Posts Tagged With: survey data

U-PHIL: Gandenberger & Hennig: Blogging Birnbaum’s Proof

greg picDefending Birnbaum’s Proof

Greg Gandenberger
PhD student, History and Philosophy of Science
Master’s student, Statistics
University of Pittsburgh

In her 1996 Error and the Growth of Experimental Knowledge, Professor Mayo argued against the Likelihood Principle on the grounds that it does not allow one to control long-run error rates in the way that frequentist methods do.  This argument seems to me the kind of response a frequentist should give to Birnbaum’s proof.  It does not require arguing that Birnbaum’s proof is unsound: a frequentist can accommodate Birnbaum’s conclusion (two experimental outcomes are evidentially equivalent if they have the same likelihood function) by claiming that respecting evidential equivalence is less important than achieving certain goals for which frequentist methods are well suited.
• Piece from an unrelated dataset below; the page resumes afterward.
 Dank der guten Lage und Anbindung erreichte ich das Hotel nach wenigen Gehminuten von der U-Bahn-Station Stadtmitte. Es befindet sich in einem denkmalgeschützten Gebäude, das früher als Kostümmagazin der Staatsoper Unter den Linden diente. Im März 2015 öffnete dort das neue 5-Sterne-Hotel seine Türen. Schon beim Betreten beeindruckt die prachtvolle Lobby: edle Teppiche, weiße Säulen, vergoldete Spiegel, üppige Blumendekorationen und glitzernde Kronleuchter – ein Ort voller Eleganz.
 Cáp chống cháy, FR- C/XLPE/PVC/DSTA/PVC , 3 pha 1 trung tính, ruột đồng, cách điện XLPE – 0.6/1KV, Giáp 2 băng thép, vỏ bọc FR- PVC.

More recently, Mayo has shown that Birnbaum’s premises cannot be reformulated as claims about what sampling distribution should be used for inference while retaining the soundness of his proof.  It does not follow that Birnbaum’s proof is unsound because Birnbaum’s original premises are not claims about what sampling distribution should be used for inference but instead as sufficient conditions for experimental outcomes to be evidentially equivalent.
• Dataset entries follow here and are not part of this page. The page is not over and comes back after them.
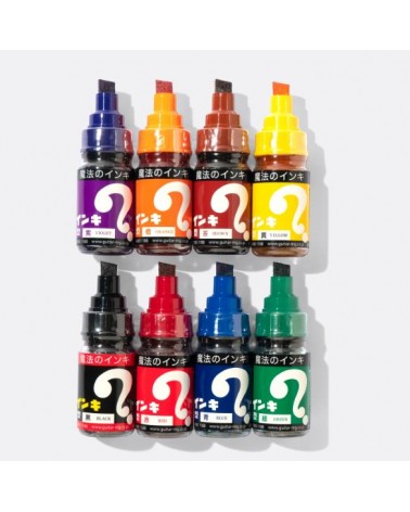 Superbe boite contenant 8 feutres en flacon verre magik ink. Un cadeau pour vos amis passionnés par les arts Graphiques au Japon ou pour les nostalgiques des feutres magik markers.Développé au japon et mis sur le marché en 1953 par la marque Teranishi ce marqueur combine les avantage de l'huile (très permanent) et de l'alcool (séchage rapide). Le corps du feutre est en verre avec une pointe biseau. Fonctionne sur de nombreuses surface tel que le verre, métal, plastique, cuir, bois, ceramique et même la glace ! Rechargeable et pointes interchangeables. Récompensé en 2008 par le "Good design award Japan" pour son nouveau packaging.
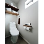 高所に設置した横長の窓から明かりが入りとても明るい空間に。最新のトイレでお掃除がラクラクに。
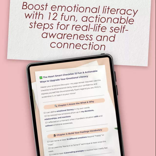Download The Heart Smart Checklist: 12 Fun & Actionable Ways to Upgrade Your Emotional Literacy now and take charge of your emotional journey with tools that actually make a difference. Whether for yourself or as a gift for someone who’s growing, this is a resource you’ll return to again and again. Ready to feel more in tune with yourself?
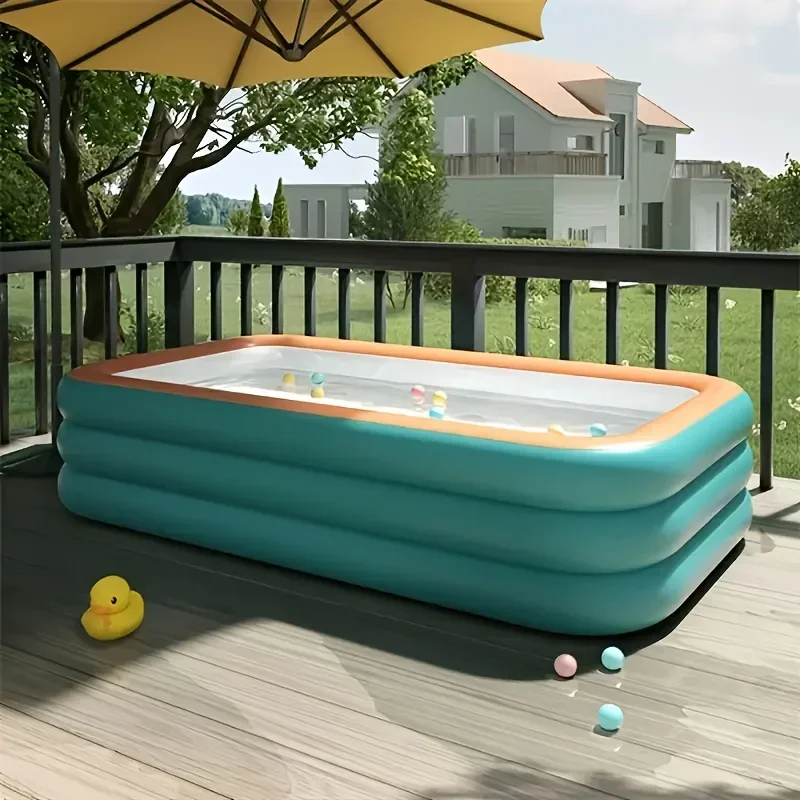 With its large inflatable design, this pool offers ample space for swimming and water parties in your backyard.

Mayo acknowledges that the premises she uses in her argument against Birnbaum’s proof differ from Birnbaum’s original premises in a recent blog post in which she distinguishes between “the Sufficient Principle (general)” and “the Sufficiency Principle applied in sampling theory.“  One could make a similar distinction for the Weak Conditionality Principle.  There is indeed no way to formulate Sufficiency and Weak Conditionality Principles “applied in sampling theory” that are consistent and imply the Likelihood Principle.  This fact is not surprising: sampling theory is incompatible with the Likelihood Principle!
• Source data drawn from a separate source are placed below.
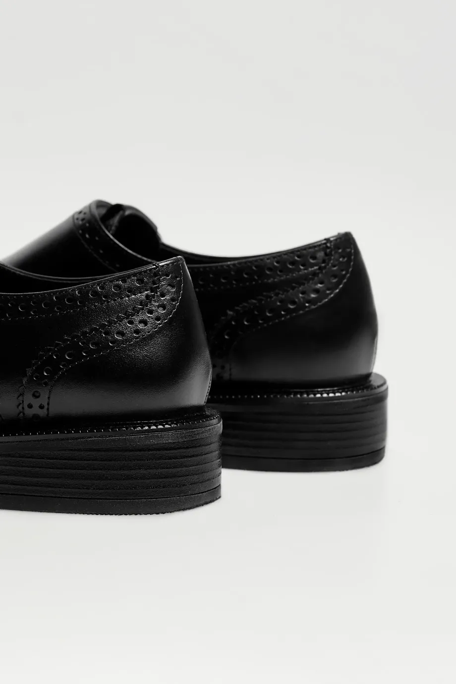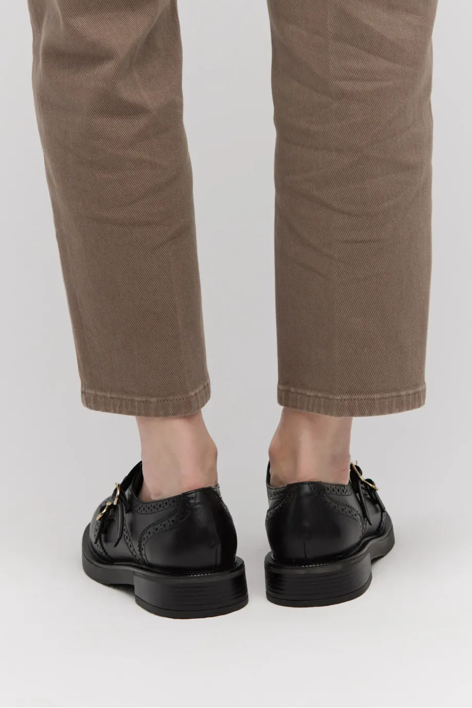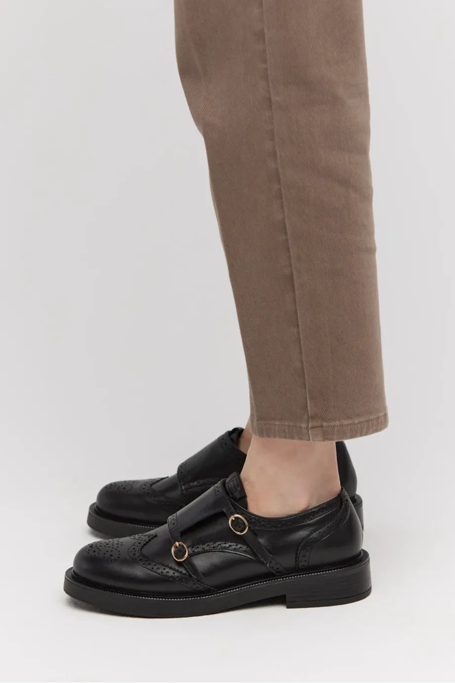 Schwarze Monks aus Naturleder, mit Broguing und doppelten Schnallenverschlüssen. Handgenäht in einer polnischen Manufaktur.
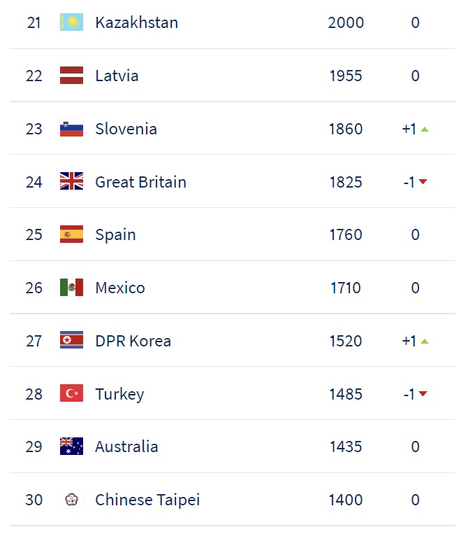 | 30 | Chinese Taipei | 1400 | 0 | |
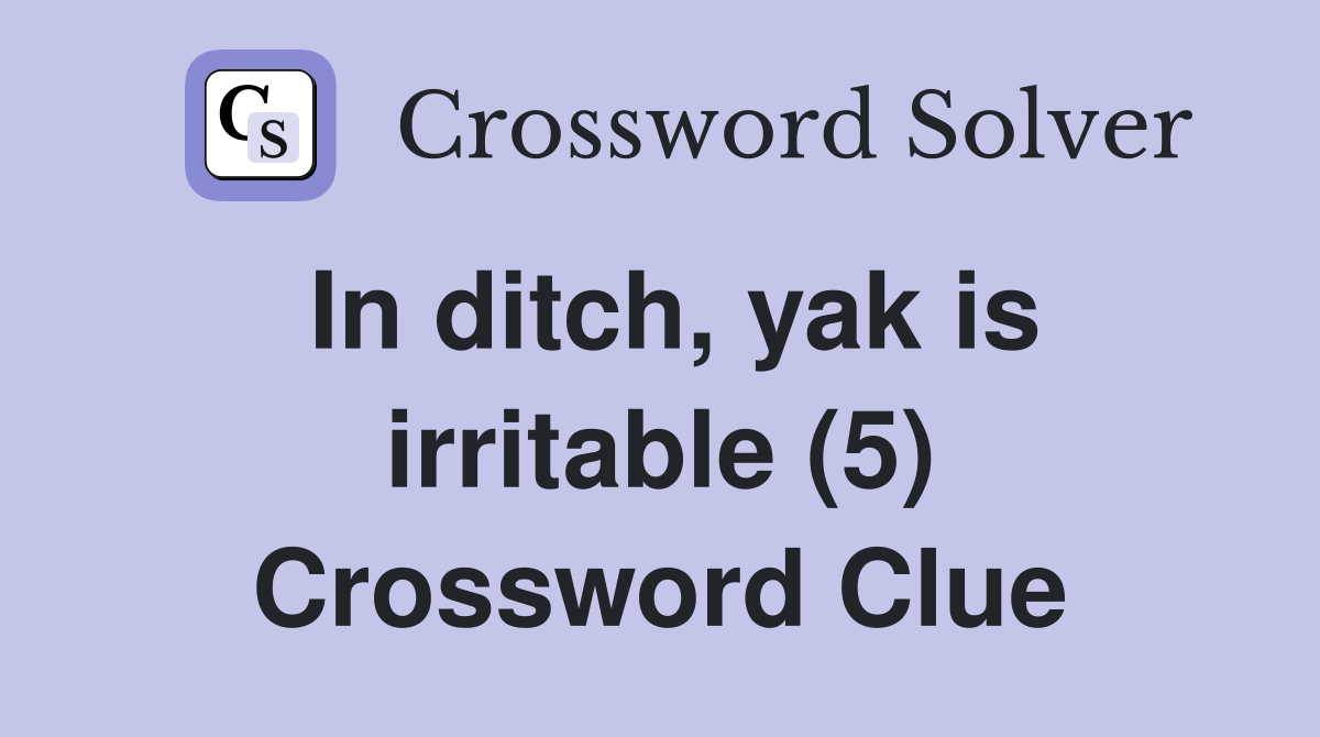 In ditch yak is irritable (5) Crossword Clue Answers Crossword Solver
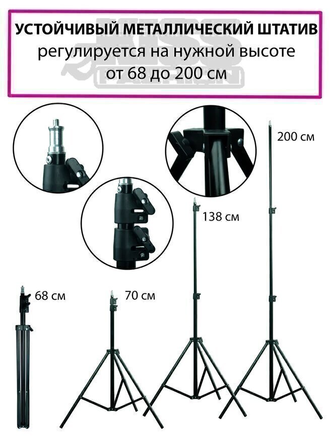 Кольцевая лампа 26 см со штативом держателем для телефона селфи-пультом для селфи. Модель 123151
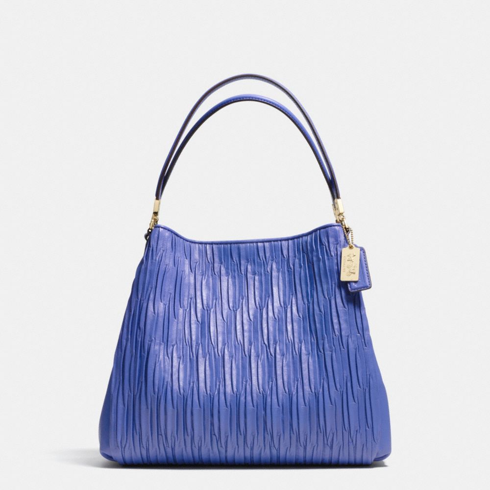 COACH F30083 MADISON GATHERED LEATHER SMALL PHOEBE SHOULDER BAG -LIGHT-GOLD/PORCELAIN-BLUE HANDBAGS
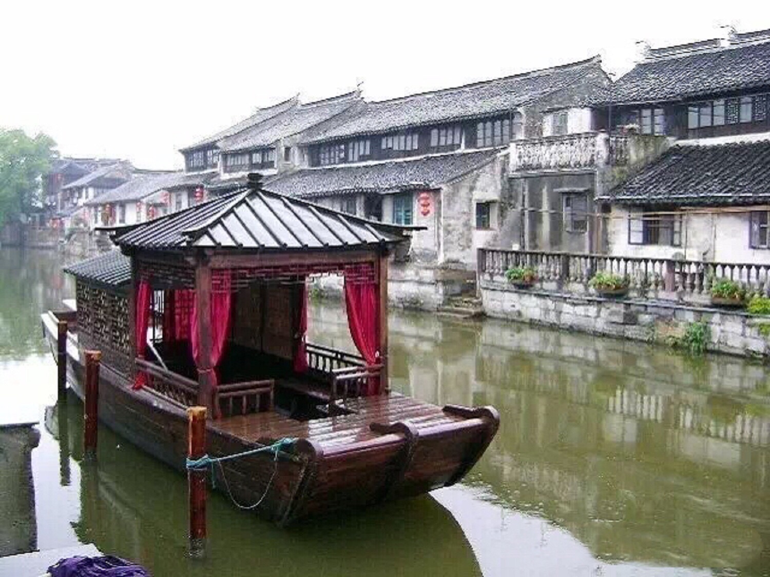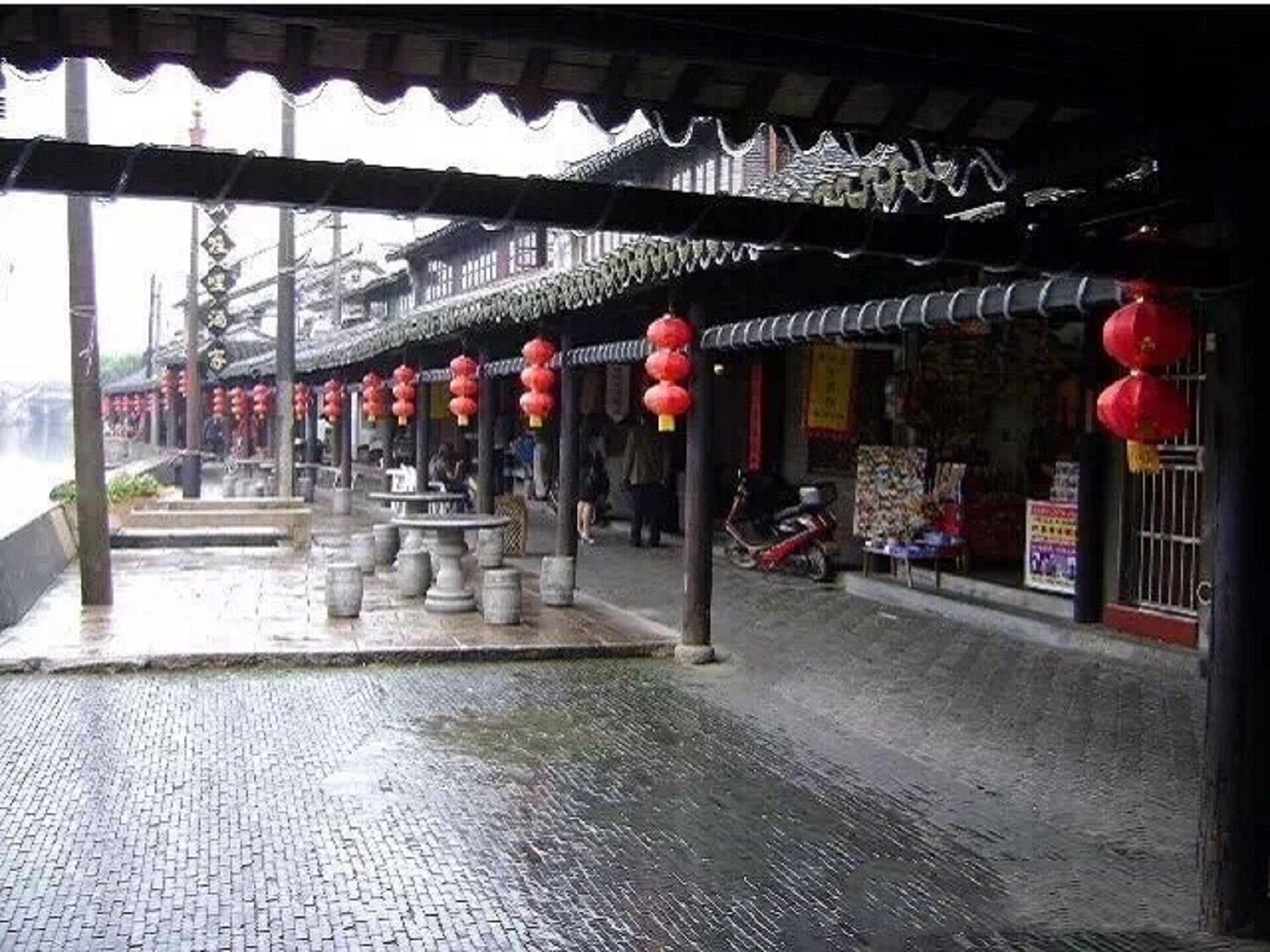 穿过枫溪长廊到一个酒家吃午饭穿过枫溪长廊到一个酒家吃午饭。 枫溪长廊很有水乡特色,各家都卖粽子和一些小饰品,家家都把船停在水边,家家都是自己现场制作粽子。红色的灯笼挂满了枫溪长廊,连停在水边的小船也挂着灯笼,这就是家家户户平时的出行工具。

Birnbaum himself insisted that his premises were to be understood as “equivalence relations” rather than as “substitution rules” (i.e., rules about what sampling distribution should be used for inference) and recognized the fact that understanding them in this way was necessary for his proof.  As he put it in his 1975 rejoinder to Kalbfleisch’s response to his proof, “It was the adoption of an unqualified equivalence formulation of conditionality, and related concepts, which led, in my 1972 paper, to the monster of the likelihood axiom” (263).

Because Mayo’s argument against Birnbaum’s proof requires reformulating Birnbaum’s premises, it is best understood as an argument not for the claim that Birnbaum’s original proof is invalid, but rather for the claim that Birnbaum’s proof is valid only when formulated in a way that is irrelevant to a sampling theorist.  Reformulating Birnbaum’s premises as claims about what sampling distribution should be used for inference is the only way for a fully committed sampling theorist to understand them.  Any other formulation of those premises is either false or question-begging.

Mayo’s argument makes good sense when understood in this way, but it requires a strong prior commitment to sampling theory. Whether various arguments for sampling theory such as those Mayo gives in Error and the Growth of Experimental Knowledge are sufficient to warrant such a commitment is a topic for another day.  To those who lack such a commitment, Birnbaum’s original premises may seem quite compelling.  Mayo has not refuted the widespread view that those premises do in fact entail the Likelihood Principle.

Mayo has objected to this line of argument by claiming that her reformulations of Birnbaum’s principles are just instantiations of Birnbaum’s principles in the context of frequentist methods. But they cannot be instantiations in a literal sense because they are imperatives, whereas Birnabaum’s original premises are declaratives.  They are instead instructions that a frequentist would have to follow in order to avoid violating Birnbaum’s principles. The fact that one cannot follow them both is only an objection to Birnbaum’s principles on the question-begging assumption that evidential meaning depends on sampling distributions.


Birnbaum’s proof is not wrong but error statisticians don’t need to bother

Christian Hennig
Department of Statistical Science
University College London

I was impressed by Mayo’s arguments in “Error and Inference” when I came across them for the first time. To some extent, I still am. However, I have also seen versions of Birnbaum’s theorem and proof presented in a mathematically sound fashion with which I as a mathematician had no issue.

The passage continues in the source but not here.